The Spanish certainly were inspired by the atmosphere of the Renaissance to sail out into the Atlantic, pushing west in the hope of finding a route to the east – in particular India and China – where riches in the form of spices, not to mention gold, beckoned. The Portuguese had earlier sailed into the Atlantic, also anxious to find a passage to India that did not take them through the lands of the Ottoman Empire; they first turned south to probe the west coast of Africa.

So it was that in 1492 Christopher Columbus, an Italian sea captain, supported and equipped by Queen Isabella and King Ferdinand of Spain, set sail for India going west across the Atlantic. Columbus made landfall in the Caribbean on the island of San Salvador, far from his target of India and the east. Over the years he made a number of trips to what became known as the West Indies, landing on Haiti, Jamaica and Cuba and establishing administrations there. Despite his pioneering success Columbus found little gold and certainly no spices and in due course he was recalled to Spain, having fallen out with the Spanish crown.

It was not, however, the case that the Spanish interest in Latin America’s gold and silver came about as a result of any plan to explore for and then mine gold. Whilst Spain has a long history of mining, the Conquistadors were adventurers and though gold was their primary target they thought that their voyage across the Atlantic would bring them to India eventually, where it was rumoured that great quantities of gold, already mined, were to be found. When they reached the West Indies the Spanish did find some gold on Haiti, but it needed mining and the Conquistadors were really looking to acquire mined gold by trading other goods for it and then shipping it back to Spain for the Crown’s treasury.

The Haitian gold operations were basically alluvial, mining river beds and streams, and the miners were indentured native Indians who the Spanish treated harshly with the consequence that many of them died, and were then replaced by slaves from west Africa. The Spanish in due course opened gold mines on Cuba. The gold mined was shipped back to Seville in Spain, which was the designated port where the gold had to be landed, and here it was delivered to the Casa de Contratacion which was the depot built to receive American gold.

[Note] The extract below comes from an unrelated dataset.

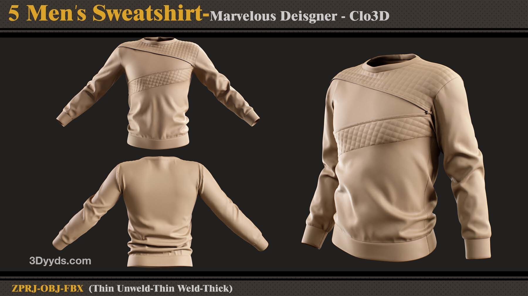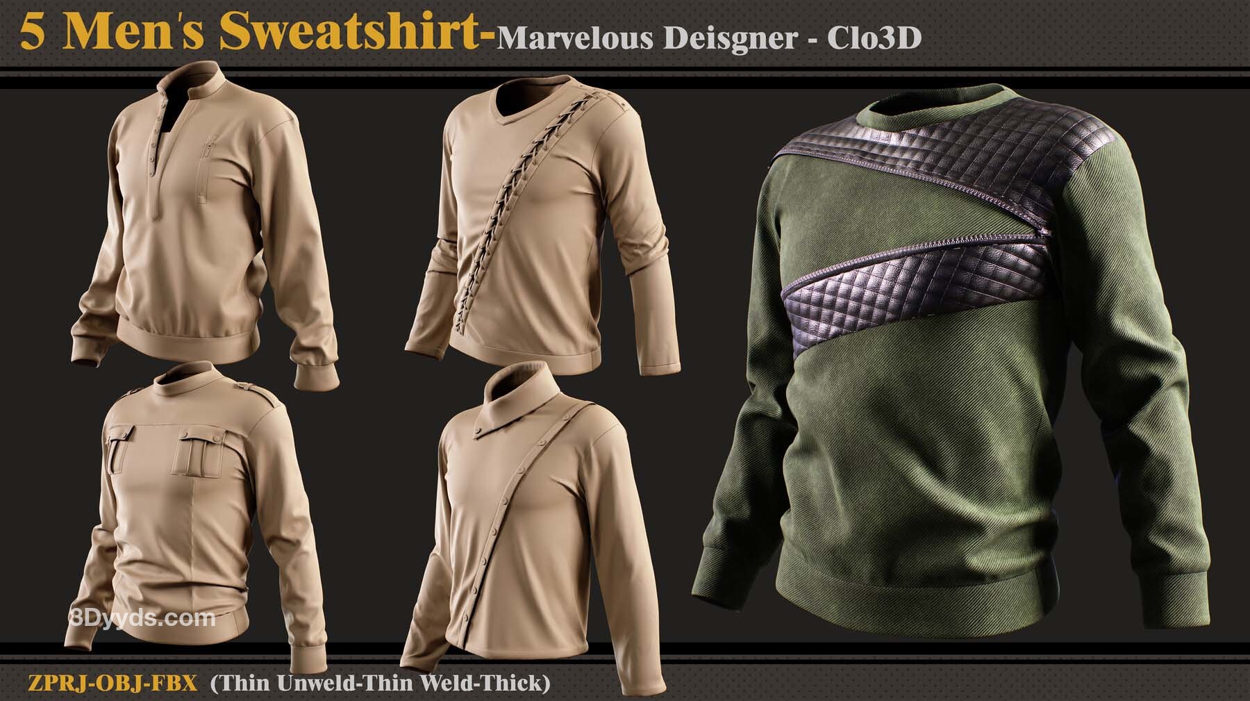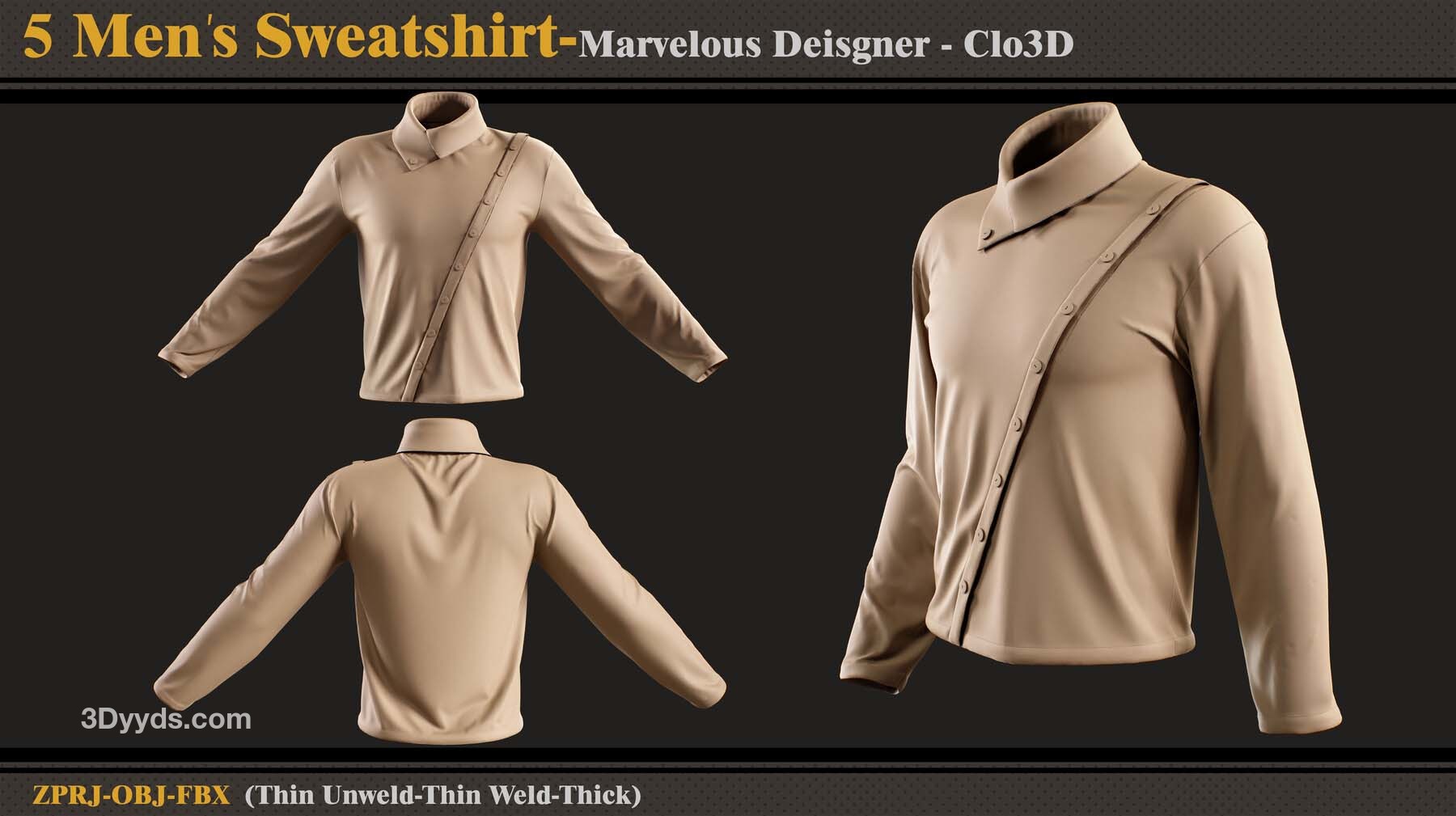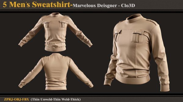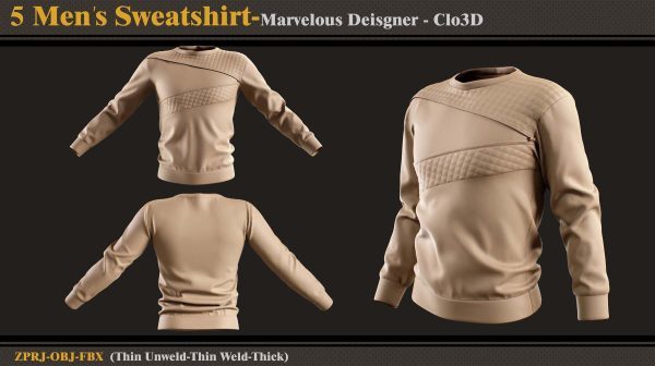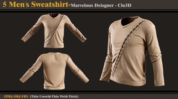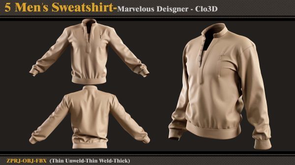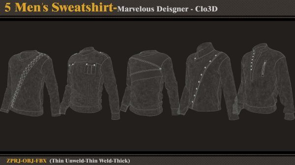 本产品包含 5 件男士运动衫和 5 个文件。在每个文件中,有:

Whilst the quantity of gold found on the Caribbean islands occupied by the Spanish was relatively modest, rumours abounded of great riches in a land called Mexico to the west. It was Hernan Cortez, an adventurer who had fallen out with the Cuban governor, who decided to flee Cuba before more trouble ensued and set sail for Mexico with a force of 600 men. There he encountered the Aztec civilisation, and gold.

Cortez found the rumours about gold in Mexico were correct and the natives were prepared to trade gold for beads and other trinkets, but the amount of gold that the natives had was not enough for Cortez. Fortunately for the Spanish, the natives knew where there was abundant gold – it was in the hands of the Aztecs, who were the most powerful civilisation in Central America at the time and who had a history of great cruelty in pursuing their geo-political aims. Unfortunately for the Aztecs the Conquistadors were even crueller and more ruthless than they were.

Initially the Spanish got on well with the Aztecs – the Aztecs showed great respect to their guests, being particularly impressed by their exotic white skin and formidable weapons and armour. The Aztecs were also happy to feed their gold lust, as they saw no value in the metal itself except as a raw material with which to make artefacts, and many of these artefacts were willingly given as presents to the Spanish. In the end gold lust drove Cortez to sack the Aztec capital of Tenochtitlan and, through a combination of the sword and European diseases introduced by the Spanish, he destroyed the Aztec civilisation.